Nun hab ich rausgefunden, das es in HQL Subqeries gibt, nur leider in im FROM-Clause. Hat jemand eine Idee, die Subqeries zu umgehen? Am liebsten mit HQL (auch mit Dialekt-Erweiterung) aber notfalls auch mit Criterias. (damit muß ich mich dann auch noch beschäftigen)
Ich hab nämlich mehrere Befehle die auch so aufgebaut sind.

Achja, das DB-System ist MySQL und ich nutze Hibernate 3.2.5


----------



## Marcinek (14. Okt 2010)

Das sind keine subquerys sondern inline Select Statements für virtuelle Tabellen.

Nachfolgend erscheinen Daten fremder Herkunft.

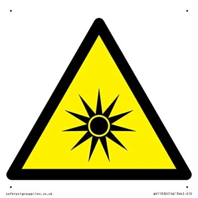 W027 : Optical radiation This sign is made from plastic semi rigid 1mm self adhesive Comes with3mm Corner Holes. S10 square Sign Text:

Normalerweise wäre es besser diese durch views zu ersetzen,.

Maybe kann man damit besser googeln.
Ich würde diese aber immer vermeiden, denn wenn man die macht, dann hat man iwas falsch modelliert.

Gruß,

Marcinek


----------



## LadyMilka (16. Okt 2010)

das Problem ist, das die Datenbank und auch die SQL-Befehle schon vergegeben waren.

nach den "inline selects" werd ich nochmal suchen. ich hab allerdings die vage Vermutung, dass ich um die Criterias nicht drum rum komme -.-


----------



## Marcinek (16. Okt 2010)

Alles was du mit HQL machen kannst, kannst du auch mit Criterias machen und vice Versa.

Sie sind die Elegante Art und Weise Selects mit Hibernate aufzubauen.

Gruß,

Marcinek


----------



## LadyMilka (19. Okt 2010)

Also werd ich mich dann mit den Criterias befassen. Vielen Dank erstmal an dieser Stelle.


----------



## SlaterB (19. Okt 2010)

Criteria kann das genauso wenig wie Marcinek quasi auch ausgedrückt hat


----------



## LadyMilka (19. Okt 2010)

dann muß ich mir überlegen, wie ich den select entsprechend umstelle und trotzdem das gleiche Ergebnis bekomme *seufz*


----------



## LadyMilka (25. Okt 2010)

[edit SlaterB: zweites Thema dazu zusammengeführt]


Hallo, 
der Titel ist vielleicht bisschen unglücklich gewählt, aber was Besseres ist mir nicht eingefallen.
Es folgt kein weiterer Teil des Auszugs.